A letter from McVeigh, and a look at ourselves

A letter from McVeigh, and a look at ourselves

By Dave Duffy

Dave Duffy

May 1, 2001

Judging from the response to my commentary titled “Something unsaid about Timothy McVeigh’s execution,” there’s a lot of uneasiness in America about McVeigh, his bombing of the Murrah Building in Oklahoma City, and the connection with the Waco tragedy. I received surprisingly few angry letters as a result of that commentary (except, curiously, from some newspaper editors), so I thought I’d give readers a chance to see things from McVeigh’s view, in his own voice.

Following is a letter I and a few other media types recently received from McVeigh. To those editors who will again be angry with me, please keep in mind the First Amendment you always so proudly defend.

“I explain herein why I bombed the Murrah Federal Building in Oklahoma City. I explain this not for publicity, nor seeking to win an argument for right or wrong. I explain so that the record is clear as to my thinking and motivations in bombing a government installation.

I chose to bomb a federal building because such an action served more purposes than other options. Foremost, the bombing was a retaliatory strike; a counterattack, for the cumulative raids (and subsequent violence and damage) that federal agents had participated in over the preceding years (including, but not limited to, Waco). From the formation of such units as the FBI’s “Hostage Rescue” and other assault teams amongst federal agencies during the ’80s, culminating in the Waco incident, federal actions grew increasingly militaristic and violent, to the point where at Waco, our government–like the Chinese–was deploying tanks against its own citizens.

Knowledge of these multiple and ever-more aggressive raids across the country constituted an identifiable pattern of conduct within and by the federal government and amongst its various agencies. For all intents and purposes, federal agents had become “soldiers” (using military training, tactics, techniques, equipment, language, dress, organization, and mindset) and they were escalating their behavior.

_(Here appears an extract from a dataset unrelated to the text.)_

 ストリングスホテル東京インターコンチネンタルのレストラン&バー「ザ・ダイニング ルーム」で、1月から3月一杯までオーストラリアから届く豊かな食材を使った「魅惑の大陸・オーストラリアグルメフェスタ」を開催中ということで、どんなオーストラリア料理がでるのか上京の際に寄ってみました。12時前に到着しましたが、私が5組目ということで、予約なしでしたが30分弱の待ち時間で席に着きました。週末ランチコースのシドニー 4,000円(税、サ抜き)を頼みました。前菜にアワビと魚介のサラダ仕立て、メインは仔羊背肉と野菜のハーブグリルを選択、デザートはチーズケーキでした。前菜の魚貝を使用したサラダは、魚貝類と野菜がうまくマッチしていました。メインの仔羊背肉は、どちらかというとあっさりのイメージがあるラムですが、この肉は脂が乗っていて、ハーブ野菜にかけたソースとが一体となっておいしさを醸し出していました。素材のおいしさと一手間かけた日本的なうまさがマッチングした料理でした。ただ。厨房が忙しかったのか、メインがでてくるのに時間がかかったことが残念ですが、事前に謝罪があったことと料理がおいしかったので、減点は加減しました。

Therefore this bombing was also meant as a pre-emptive (or pro-active) strike against these forces and their command and control centers within the federal building. When an aggressor force continually launches attacks from a particular base of operations, it is sound military strategy to take the fight to the enemy.

Additionally, borrowing a page from U.S. foreign policy, I decided to send a message to a government that was becoming increasingly hostile, by bombing a government building and the government employees within that building who represent that government. Bombing the Murrah Federal Building was morally and strategically equivalent to the U.S. hitting a government building in Serbia, Iraq, or other nations. Based on observations of the policies of my own government, I viewed this action as an acceptable option. From this perspective, what occurred in Oklahoma City was no different than what Americans rain on the heads of others all the time, and subsequently, my mindset was and is of clinical detachment. (The bombing of the Murrah building was not personal, no more than when Air Force, Army, Navy, or Marine personnel bomb or launch cruise missiles against government installations and their personnel.)

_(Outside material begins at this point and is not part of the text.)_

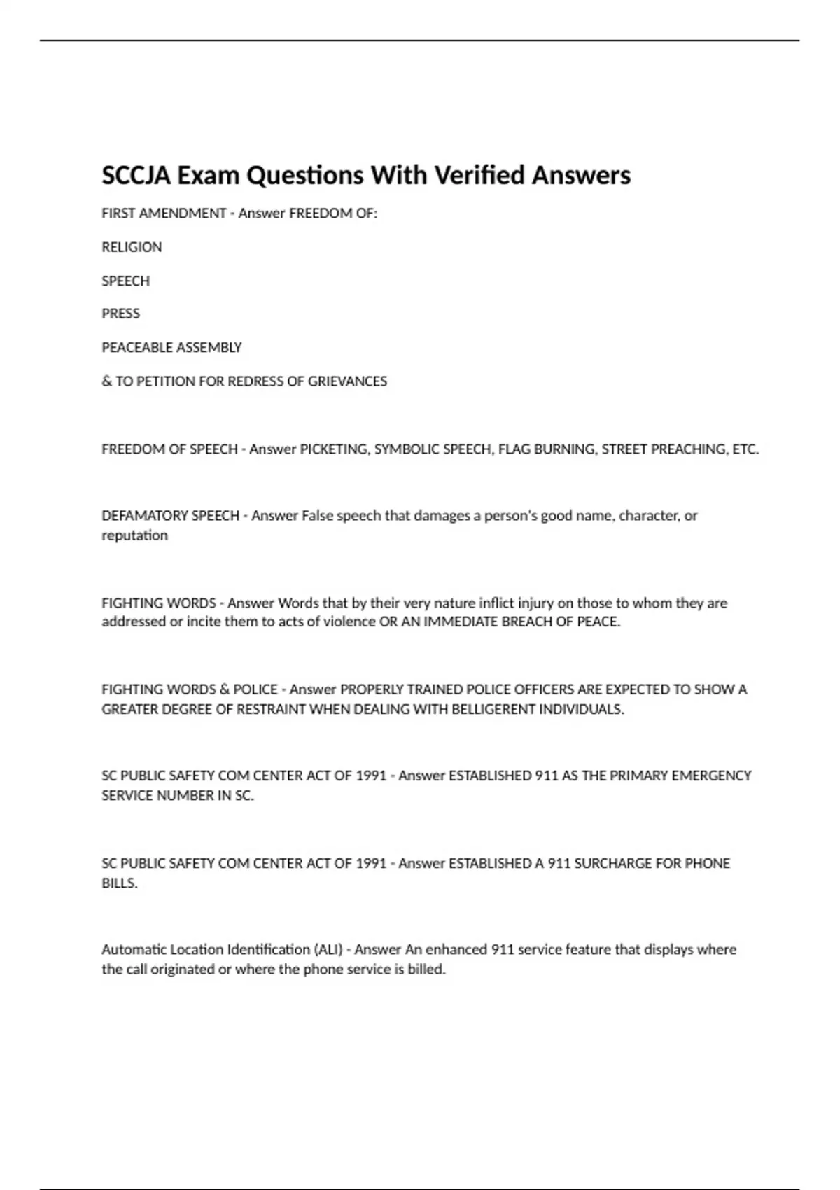 FIRST AMENDMENT - Answer FREEDOM OF: RELIGION SPEECH PRESS PEACEABLE ASSEMBLY & TO PETITION FOR REDRESS OF GRIEVANCES FREEDOM OF SPEECH - Answer PICKETING, SYMBOLIC SPEECH, FLAG BURNING, STREET PREACHING, ETC. DEFAMATORY SPEECH - Answer False speech that damages a person's good name, character, or reputation FIGHTING WORDS - Answer Words that by their very nature inflict injury on those to whom they are addressed or incite them to acts of violence OR AN IMMEDIATE BREACH OF PEACE. FIGHTING WORDS & POLICE - Answer PROPERLY TRAINED POLICE OFFICERS ARE EXPECTED TO SHOW A GREATER DEGREE OF RESTRAINT WHEN DEALING WITH BELLIGERENT INDIVIDUALS. SC PUBLIC SAFETY COM CENTER ACT OF 1991 - Answer ESTABLISHED 911 AS THE PRIMARY EMERGENCY SERVICE NUMBER IN SC. SC PUBLIC SAFETY COM CENTER ACT OF 1991 - Answer ESTABLISHED A 911 SURCHARGE FOR PHONE BILLS. Automatic Location Identification (ALI) - Answer An enhanced 911 service feature that displays where the call originated or where the phone service is billed. SC PUBLIC SAFETY COM CENTER ACT OF 1991 - ADDRESSING - Answer ASSIGNED A NUMERICAL ADDRESS AND STREET NAME TO ALL LOCATIONS INA JURISDICTION. Automatic Number Identification (ANI) - Answer An enhanced 911 service feature that shows the calling party's phone number on the display screen at the telecommunicator's terminal. CMRS - Answer COMMERCIAL MOBILE RADIO SERVICE - CELL PHONES Public Safety Answering Point (PSAP) - Answer Any location or facility at which 9-1-1 calls are answered either by direct calling, rerouting, or diversion. PUBLIC SAFETY AGENT - Answer FUNCTIONAL AGENCY THAT PROVIDES FIRE, EMS, OR LAW ENFORCEMENT SVCS. 80% - Answer PERCENTAGE OF LINES THAT MUST BE ANSWERED WITHIN 10 SECONDS PER SC LAW. 2 LINES - Answer MINIMUM NUMBER OF LINES A PSAP MUST HAVE. 60 DAYS - Answer MINIMUM NUMBER OF DAYS A PSAP MUST SAVE RECORDINGS. 1 LINE - Answer MINIMUM NUMBER OF LINES THAT MUST HAVE TTY OR TDD PER SC LAW. IMMEDIATE PLAYBACK - Answer RECORDINGS MUST HAVE... SC PUBLIC SAFETY COM CENTER ACT OF 1991 - Answer THIS ACT ESTABLISHED MINIMUM GUIDELINES FOR 911 CENTERS IN SC. SC PUBLIC SAFETY COM CENTER ACT OF 1991 - Answer TELCOMS MUST BE CERTIFIED BY THE LAW ENFORCEMENT TRAINING COUNCIL SC PUBLIC SAFETY COM CENTER ACT OF 1991 - Answer PSAPS MUST HAVE NON EMERGENCY LINES AS WELL SC PUBLIC SAFETY COM CENTER ACT OF 1991 - Answer COIN FREE DIALING REQUIREMENT SC PUBLIC SAFETY COM CENTER ACT OF 1991 - Answer SECONDARY BACK UP NUMBER FOR EMERGENCY CALLS SC PUBLIC SAFETY COM CENTER ACT OF 1991 - Answer PUBLIC EDUCATION AND OUTREACH. $200 - Answer FINE FOR NOT HAVING 3 INCH NUMBERS ON YOUR HOUSE OR AT THE STREET, IF THE HOUSE IS MORE THAN 50 FEET FROM THE ROAD. DUPLICATE ADDRESSES - Answer EXISTING STREET NAMES WHICH ARE THE SAME IN A JURISDICTION NEED TO BE CHANGED IF THEY HAVE THE SAME ADDRESS BECAUSE SC PUBLIC SAFETY COM CENTER ACT OF 1991 DOES NOT ALLOW - SC PUBLIC SAFETY COM CENTER ACT OF 1991 - Answer NEW STREET NAMES MAY NOT DUPLICATE EXISTING ONES IN THE SAME JURISDICTION. SC ETHICS REFORM ACT OF 1991 - Answer PUBLIC EMPLOYEES CAN'T RECEIVE ANYTHING OF VALUE ANYTHING OF VALUE - Answer MONEY, BANK BILL, PROMISSORY NOTE ART, ANTIQUE, AUTOMOBILE PROMISE OF EMPLOYMENT TITLE TO REAL ESTATE ANYTHING OF VALUE DOES NOT MEAN - Answer PROMOTIONAL ITEMS LESS THAN $10. A TROPHY OR PLAQUE LESS THAN $150. ANYTHING OF VALUE DOES NOT MEAN - Answer EDUCATIONAL MATERIAL DIRECTLY RELATED TO THE OFFICIAL'S RESPONSIBILITIES ANYTHING OF VALUE DOES NOT MEAN - Answer HONORARY DEGREE ANYTHING OF VALUE DOES NOT MEAN - Answer PROMOTIONAL ITEMS GIVEN TO THE OFFICIAL ON THE SAME TERMS THEY ARE GIVEN TO THE GENERAL PUBLIC. ANYTHING OF VALUE DOES NOT MEAN - Answer CAMPAIGN CONTRIBUTIONS THAT ARE PROPERLY DISCLOSED. FCC REGULATIONS - Answer TELECOMMUNICATORS ARE NOT REQUIRED TO HAVE AN FCC RADIO LICENSE. FCC REGULATIONS - GENERAL BROADCASTING PROCEDURES - Answer TRANSMISSIONS SHOULD BE BROADCAST WITH MINIMAL TRANSMISSION TIME. FCC REGULATIONS - GENERAL BROADCASTING PROCEDURES - Answer LICENSES CAN BE SUSPENDED FOR: 1. USING PROFANE LANGUAGE 2. SENDING FALSE OR DECEPTIVE INFO. 3. USING A FALSE CALL SIGN. 4. WILLFULLY INTERFERING WITH OTHER RADIO SIGNALS. 5. UNPROFESSIONAL RADIO DEMEANOR. NCIC 2000 FUNCTIONALITY - Answer COMPUTERIZED INFORMATION SYSTEM THAT PROVIDES ACCESS TO: 1. WANTED PERSON INFORMATION 2. MISSING PERSON INFORMATION 3. UNIDENTIFIED PERSON INFORMATION 4. STOLEN PROPERTY INFORMATION 5. CRIMINAL HISTORY INFORMATION 6. INFORMATION FROM CRIMINAL INVESTIGATIONS OF CRIMES THAT ARE KNOWN OR REASONABLY BELIEVED TO HAVE OCCURRED. NCIC 2000 SECURITY - Answer GENERALLY LIMITED TO CRIMINAL JUSTICE PURPOSES. NCIC 2000 - Answer National Crime Information Center 2000, Federal Bureau of investigation; Clarksburg, West Virginia NCIC 2000 SECURITY - Answer MUST FOLLOW AN APPROVED DESIGN: 1. PHYSICAL SECURITY. 2. PASSWORD SECURITY. 3. ENCRYPTION 4. APPROVED FIREWALLS NCIC 2000 SECURITY - Answer SYSTEM MUST BE SAFEGUARDED FROM ALL THREATS AND UNAUTHORIZED ACCESS. TELECOMMUNICATORS DUTY OF CARE - Answer 1. ****SPECIAL RELATIONSHIP TO THE VICTIM**** 2. SPECIAL RELATIONSHIP TO THE INJURER. 3. ****VOLUNTARY UNDERTAKING**** 4. CREATION OF RISK. 5. STATUTORY IMPOSITION OF DUTY. ****VOLUNTARY UNDERTAKING**** - Answer PUBLIC SERVICE IS CONSIDERED A VOLUNTARY OCCUPATION. ****SPECIAL RELATIONSHIP TO THE VICTIM**** - Answer THE FORMATION OF A SHORT-TERM WORKING RELATIONSHIP BETWEEN TELCOM AND CALLER. REASONS FOR A CIVIL LAWSUIT - Answer NEGLIGENCE WILLFUL MISCONDUCT 42 U.S.C. 1983 NEGLIGENCE - Answer LEGAL DUTY TO THE PLAINTIFF BREACH OF THAT DUTY PLAINTIFF SUFFERED DAMAGES DEFENDANT'S CONDUCT CAUSED THE DAMAGES WILLFUL MISCONDUCT OR INTENTIONAL TORT - Answer WHEN THE TELCOM WILLFULLY AND DELIBERATELY CAUSES INJURY OR BREACHES HIS OR HER DUTY. 42 U.S.C. 1983 - Answer RELATING TO FEDERAL CIVIL RIGHTS. TELCOM CAN BE SUED IF: 1. THE PLAINTIFF WAS DEPRIVED BY A FEDERALLY PROTECTED CIVIL RIGHT. 2. THE TELCOM ACTED UNDER THE COLOR OF LAW. TWO CATEGO

I hope that this clarification amply addresses your question.”

Timothy J. McVeigh
USP Terre Haute (IN)

I’m not sure what McVeigh meant by his last sentence. I didn’t ask him a question, nor have I ever been in contact with him. It may be addressed to the obvious questions that many people have as to why he did the bombing. You can draw your own conclusions from this letter. As much as I detest what McVeigh did in Oklahoma City, it is difficult to make a moral separation of his actions from those of the U.S. government against foreigners.

Oh, Duffy!! How could you say that?!!

Very easily, actually. We kill foreigners in their own land like their lives are worth nothing. We get away with it because we are more powerful. And I’m not just talking about our government. Polls show most Americans support the killing and we readily forgive ourselves when a bomb or missile goes off target and kills civilians. You’ll remember the air raid shelter we bombed in Iraq that killed many children. We quickly forgave our government because our military said the Iraqi government intentionally deceived us into thinking it was a military installation. In my opinion, we really forgave our government because we as a people have a low opinion of foreigners, especially when we think the foreigners need to be taught a lesson.

The same is true of the dead Branch Davidians at Waco. Those people were so different from most of the rest of us we saw them as foreigners too, making their lives of little consequence. The same used to be true of blacks in this country, but now we have accepted blacks as real Americans so we no longer lynch them with impunity for minor offenses against whites.

McVeigh may be a murderer, but I think we should all look at ourselves and see who we are. Branch Davidians have expendable lives, and so do foreigners. But the innocents of the Murrah Building must be avenged. We are at least hypocrites and probably racists for our easy ability to classify certain people as expendable but others as not.